(INFORMATION SHOWN)
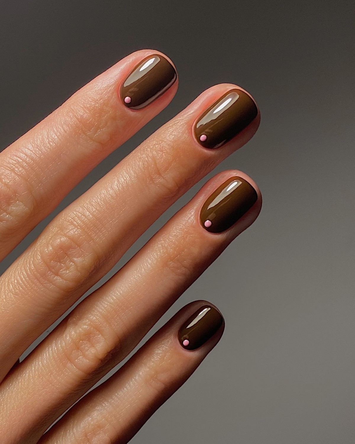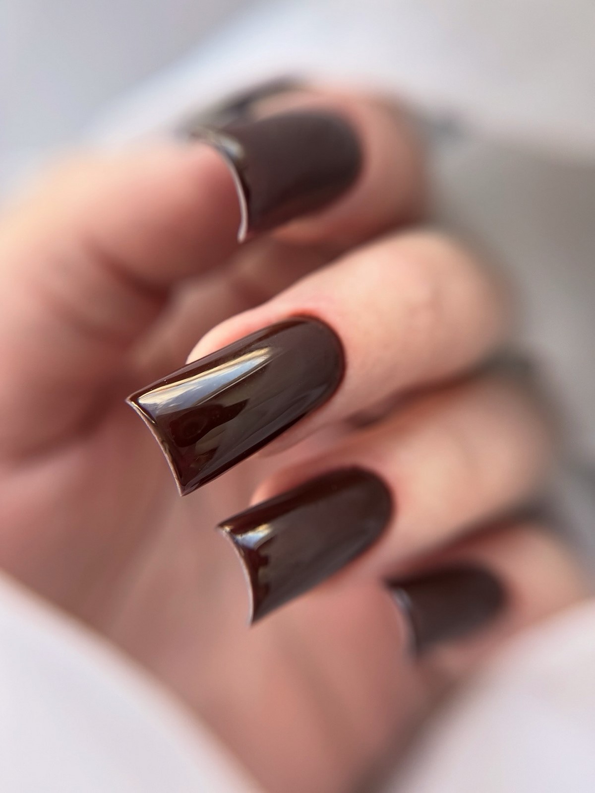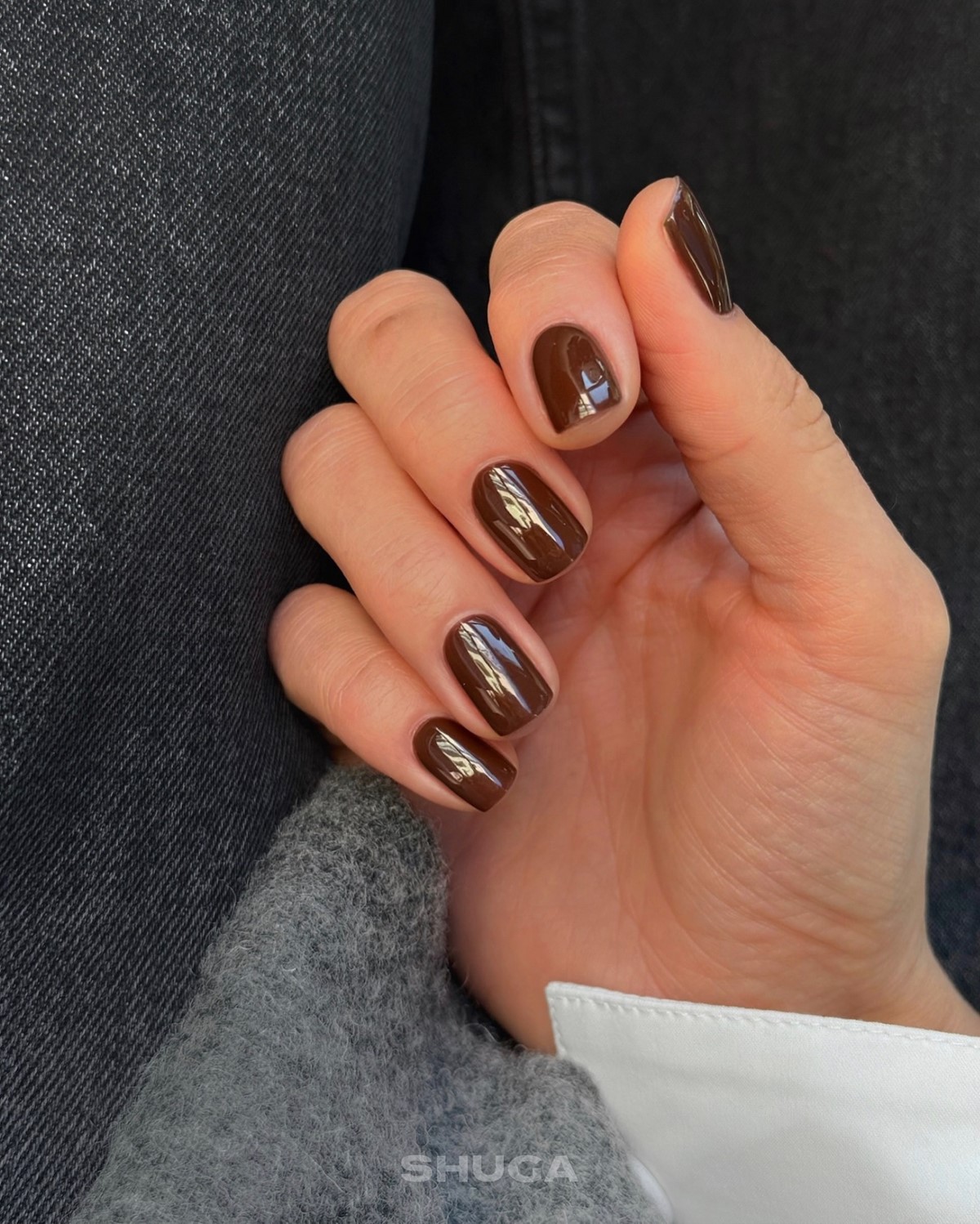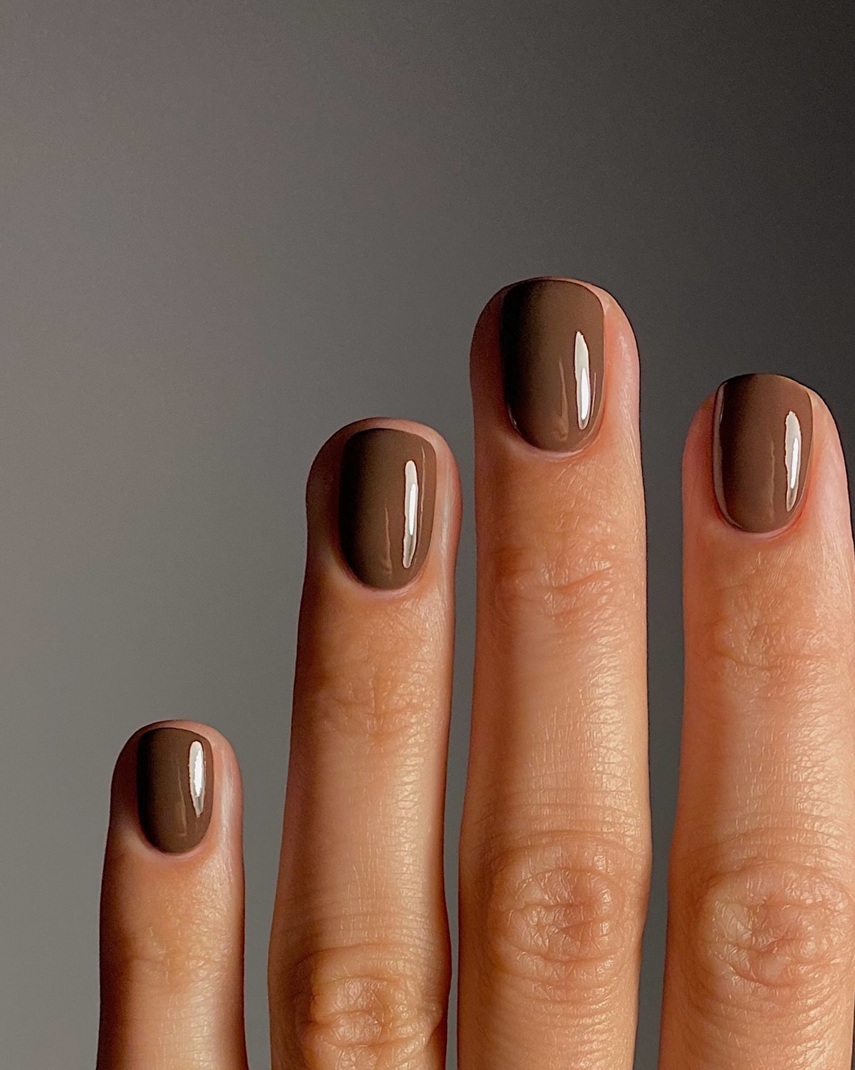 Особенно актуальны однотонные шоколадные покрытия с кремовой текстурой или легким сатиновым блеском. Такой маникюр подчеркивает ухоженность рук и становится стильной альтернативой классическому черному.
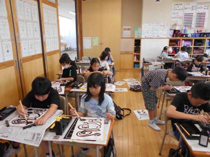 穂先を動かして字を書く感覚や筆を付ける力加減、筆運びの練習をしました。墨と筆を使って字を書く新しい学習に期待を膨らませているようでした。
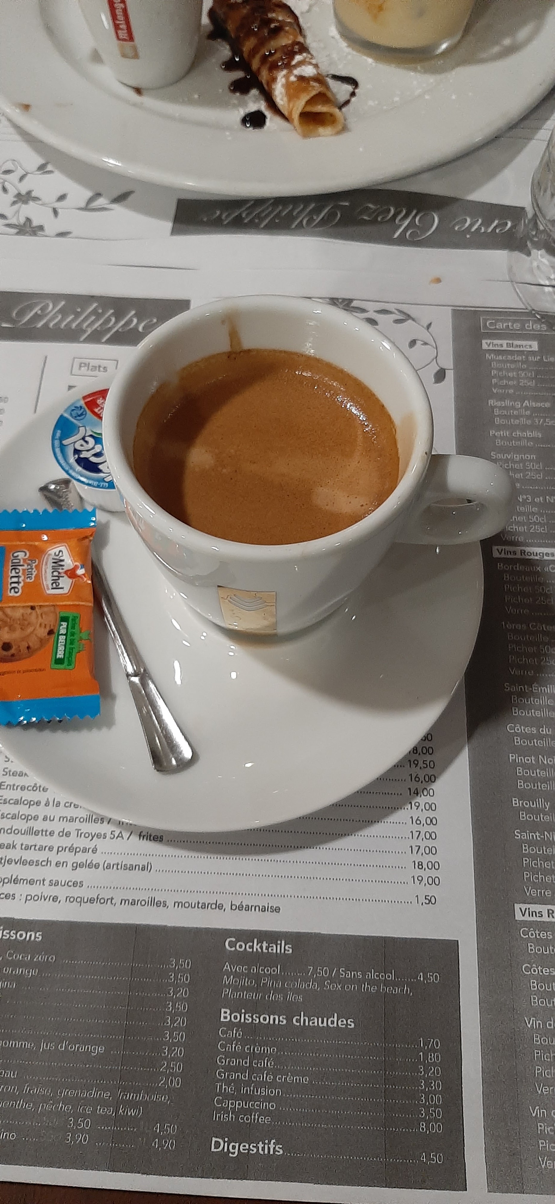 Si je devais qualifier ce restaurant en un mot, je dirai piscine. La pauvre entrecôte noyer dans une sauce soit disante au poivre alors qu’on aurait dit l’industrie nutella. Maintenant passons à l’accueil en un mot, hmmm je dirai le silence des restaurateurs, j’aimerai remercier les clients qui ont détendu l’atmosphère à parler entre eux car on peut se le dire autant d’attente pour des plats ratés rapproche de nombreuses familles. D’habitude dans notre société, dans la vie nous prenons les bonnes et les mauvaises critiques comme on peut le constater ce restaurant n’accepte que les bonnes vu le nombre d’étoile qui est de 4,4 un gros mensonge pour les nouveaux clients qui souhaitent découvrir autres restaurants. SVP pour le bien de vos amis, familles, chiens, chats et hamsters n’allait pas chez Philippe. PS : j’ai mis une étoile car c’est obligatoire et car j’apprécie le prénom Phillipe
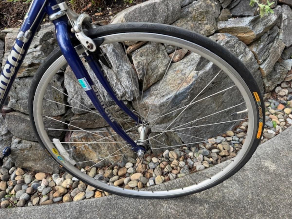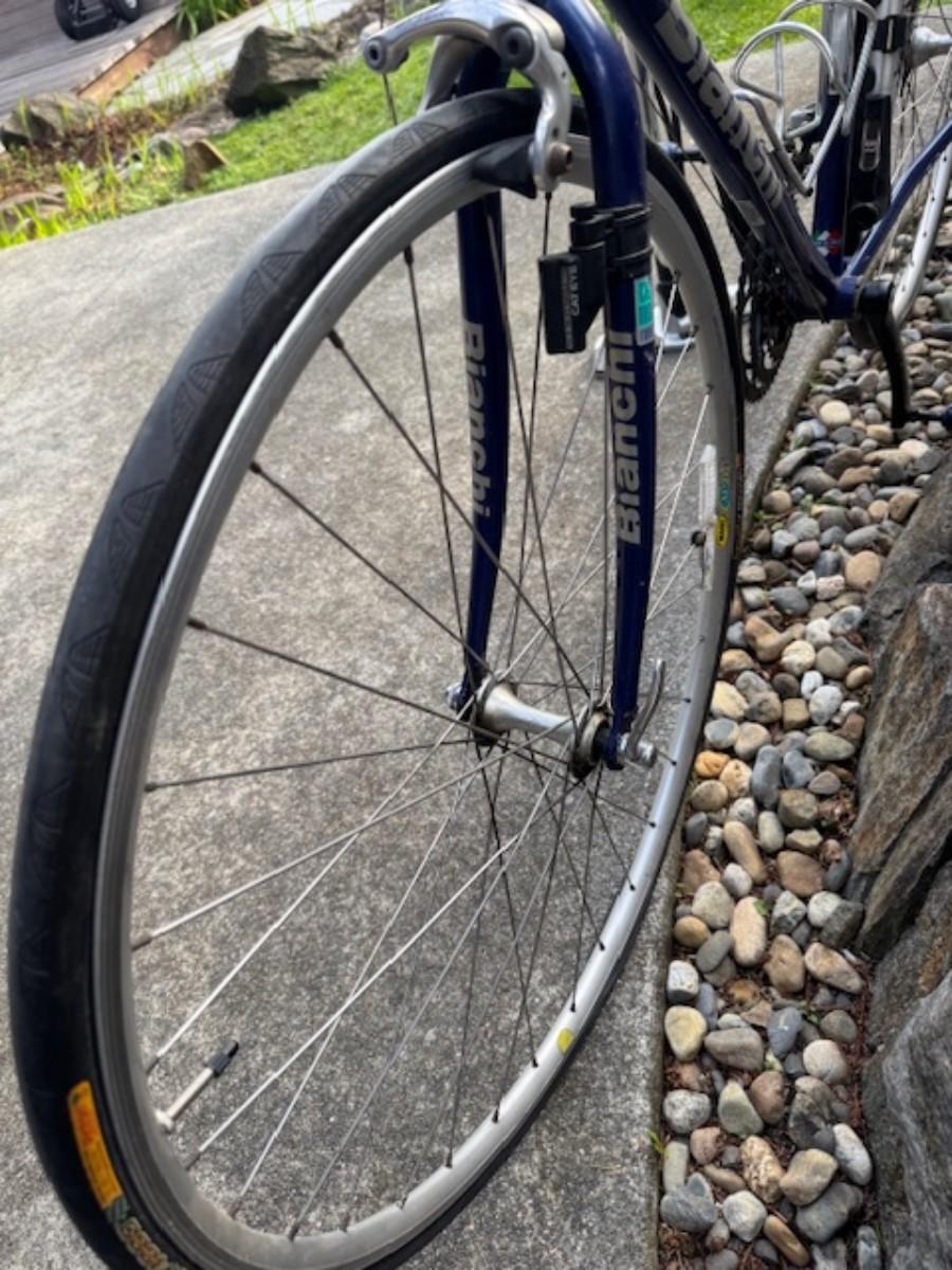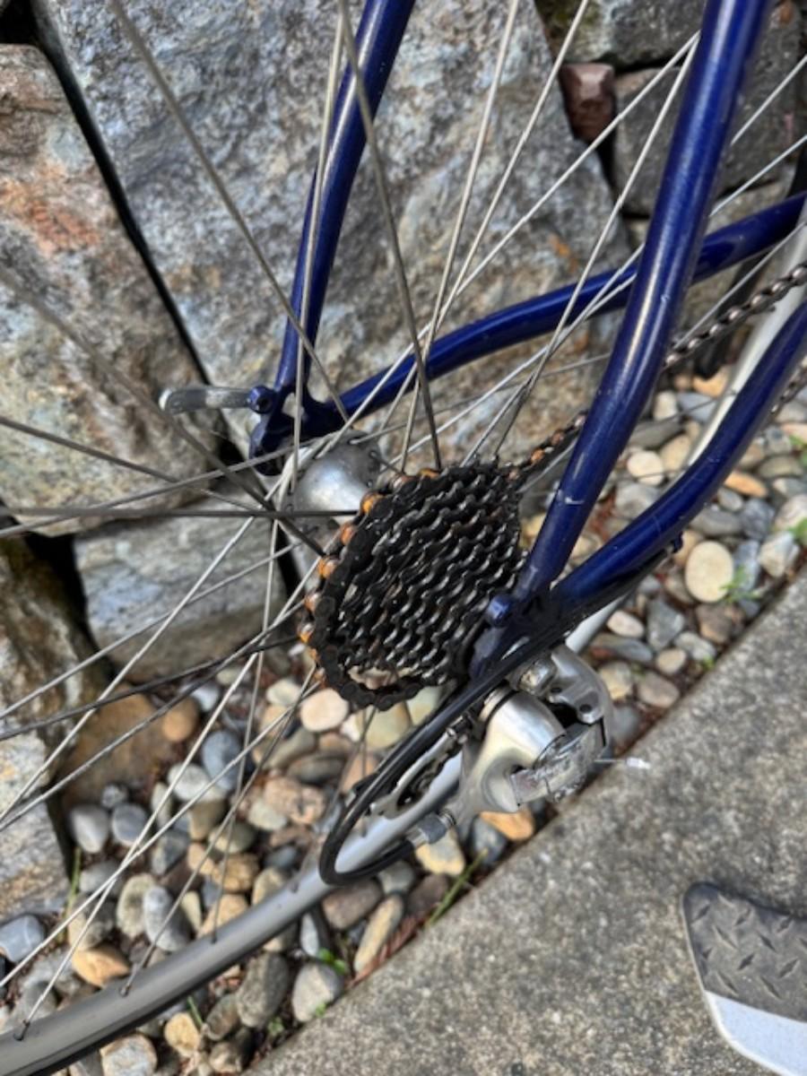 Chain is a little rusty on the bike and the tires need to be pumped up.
(End INFORMATION SHOWN)
TASK: Once you find the line with "Si je devais", restate it and every later line of the data word for word, excluding the pictures.

ANSWER TO THE PROBLEM:
 Si je devais qualifier ce restaurant en un mot, je dirai piscine. La pauvre entrecôte noyer dans une sauce soit disante au poivre alors qu’on aurait dit l’industrie nutella. Maintenant passons à l’accueil en un mot, hmmm je dirai le silence des restaurateurs, j’aimerai remercier les clients qui ont détendu l’atmosphère à parler entre eux car on peut se le dire autant d’attente pour des plats ratés rapproche de nombreuses familles. D’habitude dans notre société, dans la vie nous prenons les bonnes et les mauvaises critiques comme on peut le constater ce restaurant n’accepte que les bonnes vu le nombre d’étoile qui est de 4,4 un gros mensonge pour les nouveaux clients qui souhaitent découvrir autres restaurants. SVP pour le bien de vos amis, familles, chiens, chats et hamsters n’allait pas chez Philippe. PS : j’ai mis une étoile car c’est obligatoire et car j’apprécie le prénom Phillipe
 Chain is a little rusty on the bike and the tires need to be pumped up.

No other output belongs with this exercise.